$FFDATA group  (optional, relevant if QuanPol is used)
$FFDATB group  (optional, relevant if QuanPol is used)
 
The input is given in subsections with a keyword at the
start of the subsection, and STOP at its end.
 
It is free format, but each line shall not exceed 79
characters, including space.
 
COORDINATES
NAME, NUC, X, Y, Z
         NAME    = The name of the atom.
         NUC     = nuclear charge of the atom
         X,Y,Z   = Cartesian coordinates in angstrom
STOP
 
MMVELOCITY
NAME, VX, VY, VZ
         NAME    = The name of the atom.
         VX,VY,VZ= velocity in atomic unit, which is
                   2187691.2633 m/s.
STOP
 
QMVELOCITY
NAME, VX, VY, VZ
         NAME    = The name of the QM atom.
         VX,VY,VZ= velocity in atomic unit, which is
                   2187691.2633 m/s.
STOP
 
         MMVELOCITY and QMVELOCITY are required for
         restarting jobs, and should be copied together
         with COORDINATES from the *.trj file of a
         previous job.
 
PARAMETERS
NAME, MASS, Q, POL, SIGMA, EPSILON, SIGMA2, EPSILON2
         NAME    = The name of the atom.
         Q       = Force field charge (e) on the atom.
         POL     = Polarizability of the atom, in A**3
         SIGMA   = Lennard-Jones parameter in angstrom.
                   When LJSIGMA=0, input RMIN/2.
                   When LJSIGMA=1, input SIGMA.
         EPSILON = Lennard-Jones parameter in kcal/mol
         SIGMA2, EPSILON2
                 = the LJ parameters for select 1-4 cases
                   in CHARMM. Give zeros if not these.
 
         Give the same number of lines as specified in
         the COORDINATES section
STOP
 
QMMMREP
N, C1, Z1, C2, Z2, C3, Z3, C4, Z4
         N       = number of Gaussian type potentials.
                   currently only 4 is allowed.
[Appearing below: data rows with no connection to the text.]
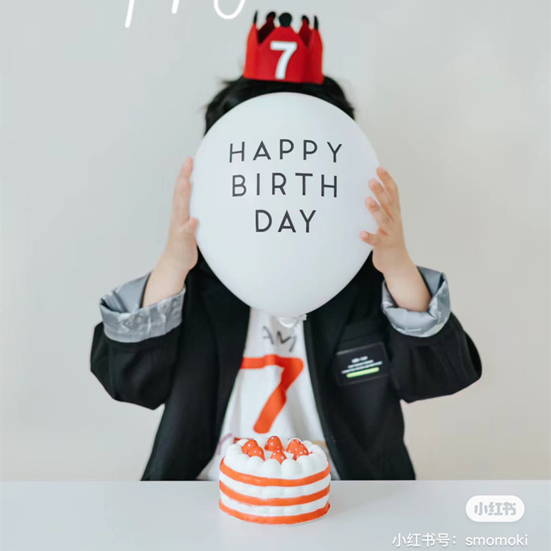 小红书同款红色生日帽子皇冠帽白色字母气球儿童周岁生日拍照道具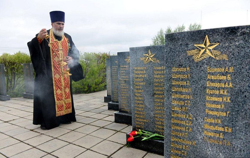 От храма верующие крестным ходом прошли по улицам Адамовки к парку Победы. Здесь у памятника погибшим на войне иерей Вячеслав Кочкин отслужил панихиду.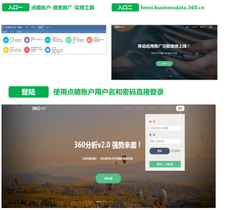 1. 注册:360分析工具已开放注册,注册网址:fenxi.businessdata.360.cn;点睛已有客户无需注册,直接登陆即可使用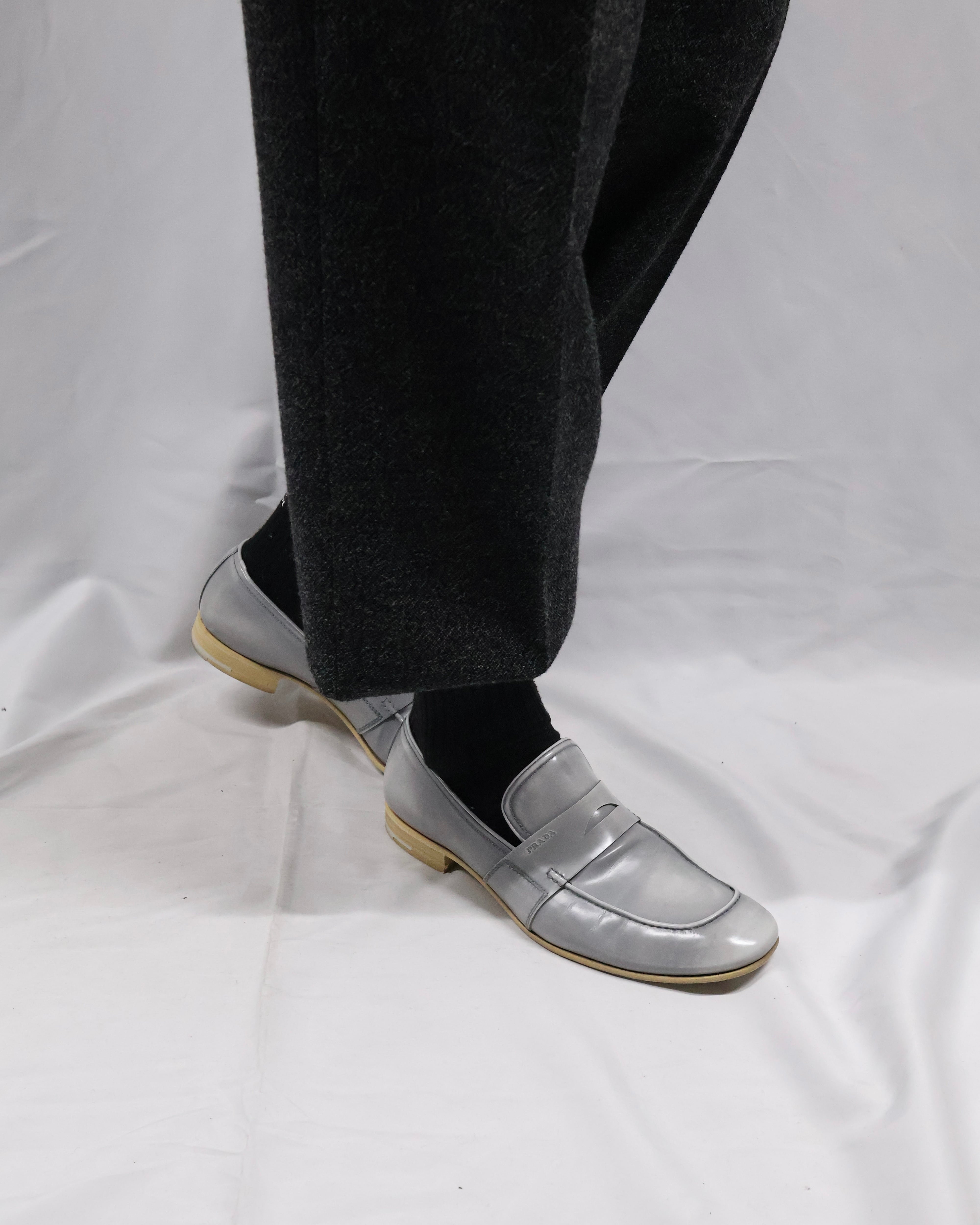 上品な風合いのプラダのカラーリングローファー。色は珍しい配色ではあるが、ミニマルでクラシックな雰囲気がコーディネートの格は下げず、外しとして成立するようなブランドが出すローファーとして相応しい一品。

         C1 - C4 = strength factor of the potential
         Z1 - Z4 = radial factor of the potential
 
         give the same number of lines as specified in
         the COORDINATES section
STOP
 
BOND
SERIAL#, ATOM1, ATOM2, BFC, R0
         SERIAL# = serial number of the bond.
                   this is only for notation purpose.
         ATOM1   = serial number in COORDINATES section
                   for the first atom in the bond.
         ATOM2   = same as ATOM1, but for the second atom.
         BFC     = bond force constant in kcal/mol/A**2.
                   note QuanPol uses E = BFC*(R-R0)**2.
         R0      = equilibrium bond length in angstrom.
STOP
 
ANGLE
SERIAL#, ATOM1, ATOM2, ATOM3, AFC, ANGLE0
         SERIAL# = serial number of the angle.
                   this is only for notation purpose.
         ATOM1   = serial number in COORDINATES section
                   for the first atom in the angle.
         ATOM2   = same as ATOM1, but for the second atom.
         ATOM3   = same as ATOM1, but for the third atom.
         AFC     = angle bending force constant in
                   kcal/mol/rad**2.
                   note QuanPol uses E = AFC*(A-A0)**2.
         ANGLE0  = equilibrium angle in degree.
STOP
 
STRBEND
SERIAL#, BOND1, BOND2, FC1, FC2
         SERIAL# = serial number of the angle.
                   Must be the same as in ANGLE section.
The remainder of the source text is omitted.